Только знай: как протают звёзды,
Будет поздно судьбу пытать –
Потеряешь свою зазнобу,
Не отыщешь по январю.
Не гоню тебя, места много,
Всё как есть тебе говорю.
Всколыхнулись на стенах тени,
Пали всполохи на лицо.
И шагнул я в ночную темень,
И пришёл на твоё крыльцо.
- Сумасшедший, зачем так поздно?
Ты же весь от мороза бел!
- Скоро в небе протают звёзды,
Где там поздно – едва успел.
* * *
Уезжаешь? Уезжай!
Скатертью дорога!
Мне себя совсем не жаль.
Жаль тебя немного.
Жаль, что в дальней стороне
Всё же помнить будешь
Поначалу обо мне,
А потом забудешь.
Я пошлю тебе письмо
В голубом конверте:
«…Позабыть тебя не смог
И люблю до смерти».
Улыбнёшься ты: «Но так,
Так не пишут в книжках.
Слишком призрачно, чудак,
Деревянно слишком».
Я ответа не дождусь
На своё посланье.
Ну и ладно! Ну и пусть!
Ну и до свиданья!
Я признаться и не ждал
Ничего иного.
Мне себя совсем не жаль.
Жаль тебя немного.
ПОДЗОРНАЯ ТРУБА
Я в детстве взял подзорную трубу,
И сквозь неё прозрел свою судьбу.
Какой восторг! Бескрайняя дорога
Ввела меня в круговорот народа.
Я с жадностью изгрыз гранит наук,
Взрастил детей. Врагов не опасаясь,
Писал запоем, от любви спасаясь.
Я насажал три дюжины садов,
Я выиграл три дюжины судов.
Всё ждал: ещё чуток – и возвеличим
Деяния свои победным кличем!..
Позавчера перевернул трубу,
И сквозь неё прозрел свою судьбу.
Какая неприглядная картина!
Какая бессердечная скотина
Мне бесконечный предрекла большак?
До края остаётся только шаг!
Мои исповедальные тетради
Живут на белом свете Христа ради.
Не вижу ни детей и ни плодов.
Отдачи нет от праведных судов.
Оглядываюсь хмуро и недужно:
«О Господи, кому всё это нужно?»
!Не искушай! – и подлости трубу
Я в прах разнёс. – Не искажай судьбу!»
СТАРШИЙ БРАТ
Памяти сестры Лидии и брата Валерия.
Пью из гранёного стакана,
И поминальную пою
О том, как три политикана
Украли родину мою.
Не подавились за кордоном,
Когда отрезали ломоть
Моей земли с крестовым домом,
Моей родовы кровь и плоть.
Своих границ нагородили,
Порвав державу на куски.
Возликовали, зачудили
Новопрестольные царьки.
Не вдруг звезда с Кремля упала.
В краю, украденном вчера,
Не вдруг сестра моя пропала,
Пропала без вести сестра.
Забили вусмерть, загнобили,
Промыли косточки стократ, -
В семипалатинской могиле
Обрёл покой мой старший брат.
Как атом, потрясал мандатом
На право жить и умирать,
Так здесь пугают старшим братом
Ополоумевшую рать.
Где наш орёл в державных высях
Нисходит по кругам утрат,
Я на плите могильной высек
Всего два слова: Старший брат.
СРОК
Я умру на заре.
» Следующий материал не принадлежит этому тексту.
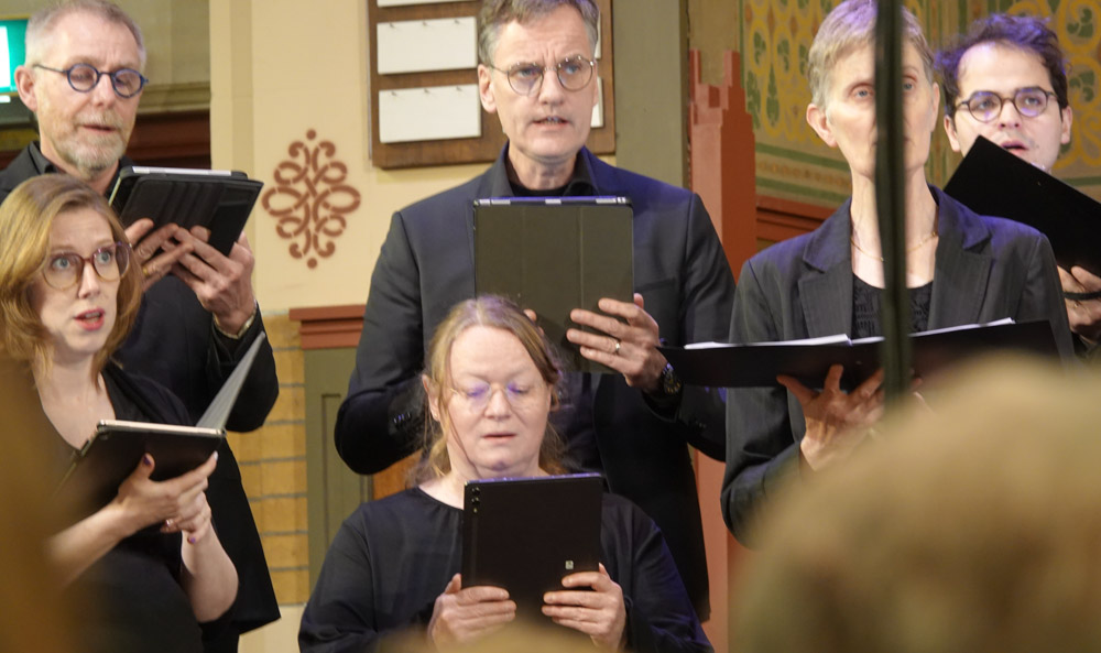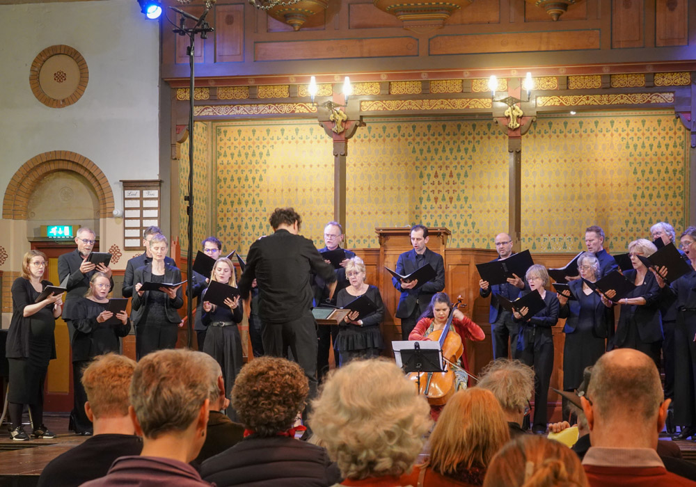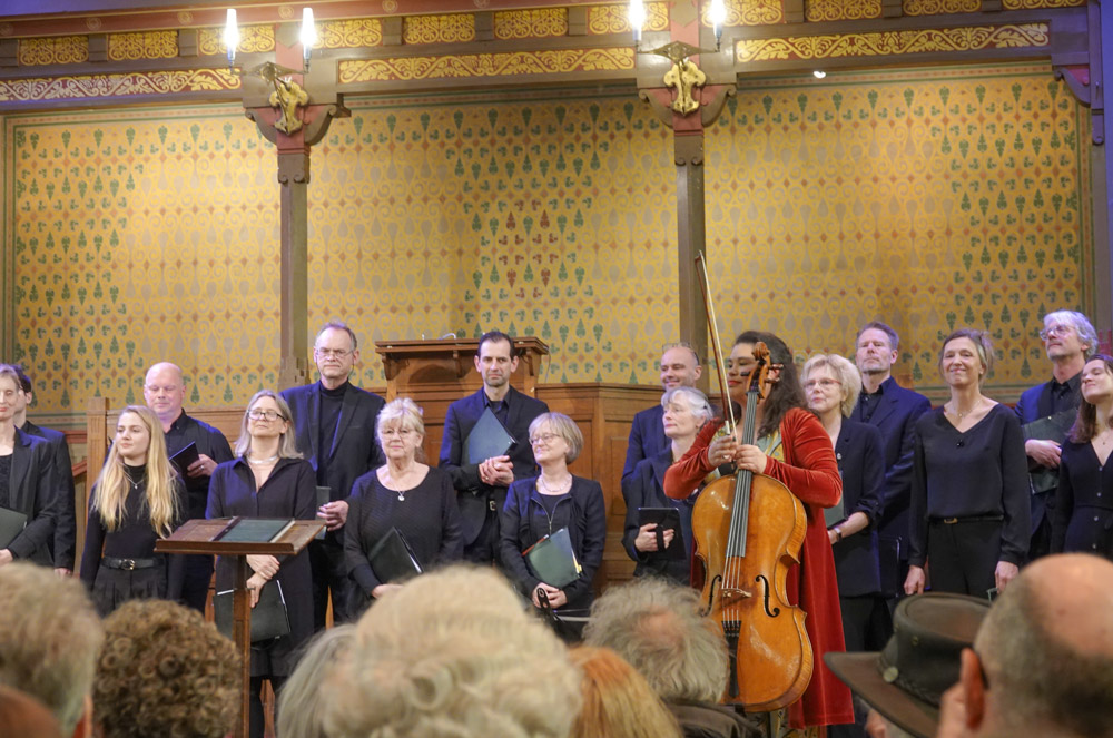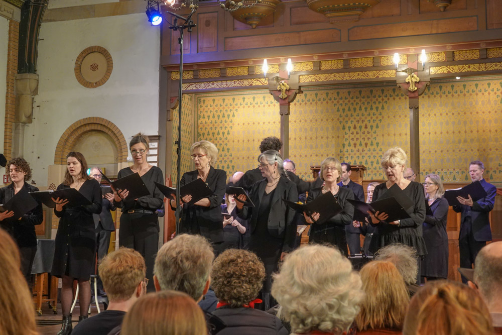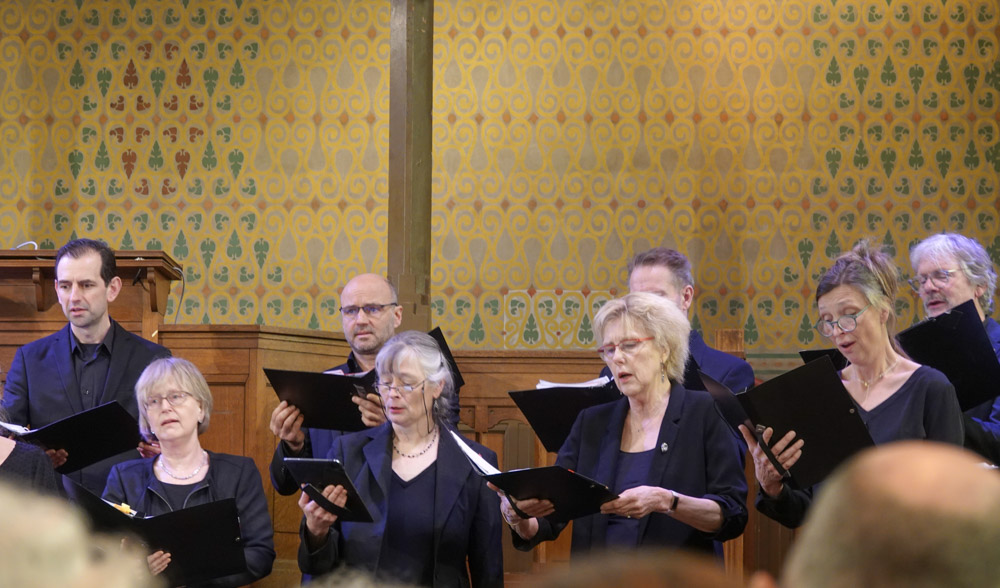 Een mooie samenklank werd dat. We hoorden liederen van o.a. Claudio Monteverdi, Knut Nystedt, Johannes Brahms en het meest bijzondere vond ik het lied ‘When the violin’, van Reena Esmail. Dit laatste was een Perzisch lied uit de 14e eeuw, gebaseerd op een zgn. Hindoestaanse raag. Dit is een vaste opeenvolging van tonen, die een gevoel willen uitdrukken. Het was heel indrukwekkend gedaan, maar moeilijk in woorden uit te leggen, wat klanken kunnen overbrengen.

Боже мой!
И на это достанет отваги.
Буду долго лежать, как живой.
В придорожном овраге.
Молча, без покаянья, один
Отойду. Будет дождичек капать.
Будет ветер касаться седин,
Будет горлинка плакать.
Журавли надо мной прокричат.
Пусть кричат – их никто не осудит.
Ни жены, ни детей, ни внучат
Даже близко не будет.
Там отец, там родимая мать
Ждут меня. Так о чём я стенаю?
Лучше б смертного срока не знать.
Я доподлинно знаю.
Холодеет мятежная кровь.
Стынет белое тело.
Ты хотела сказать про любовь?
Ангел мой, ты успела.
ЖУРАВЛИ УЛЕТЕЛИ
Пронеслась на заре по грунтовой дороге
Тройка взмыленных в дым ошалелых коней.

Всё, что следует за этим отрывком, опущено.